* [PATCH] LoongArch: Only transform move/move/bstrins to srai/bstrins when -Os
@ 2024-06-15 13:47 Xi Ruoyao
2024-06-26 7:54 ` Ping: " Xi Ruoyao
0 siblings, 1 reply; 3+ messages in thread
From: Xi Ruoyao @ 2024-06-15 13:47 UTC (permalink / raw)
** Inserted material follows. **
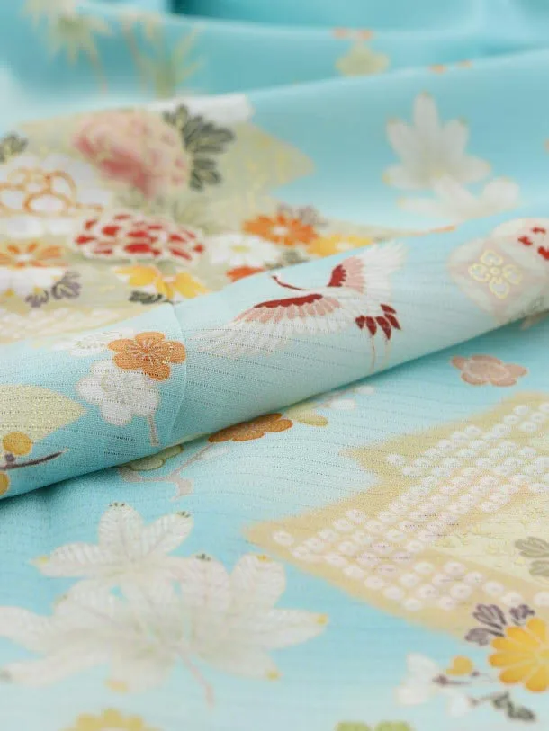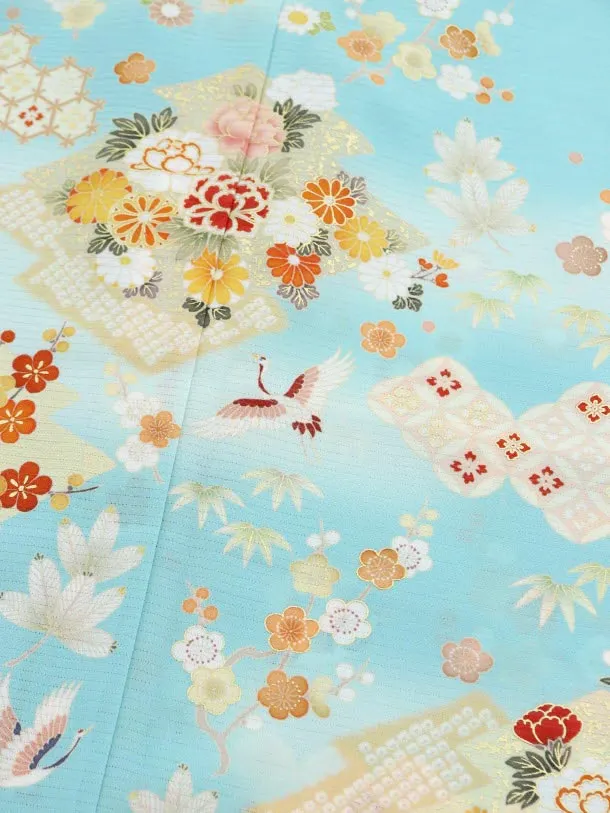 夏訪問着レンタル 絽 832 ジャパンスタイル ターコイズ 花鶴

To: gcc-patches; +Cc: chenglulu, i, xuchenghua, Xi Ruoyao
The first form has a lower latency (due to the special handling of
"move" in LA464 and LA664) despite it's longer.
gcc/ChangeLog:
* config/loongarch/loongarch.md (define_peephole2): Require
optimize_insn_for_size_p () for move/move/bstrins =>
srai/bstrins transform.
---
Bootstrapped and regtested on loongarch64-linux-gnu. Ok for trunk?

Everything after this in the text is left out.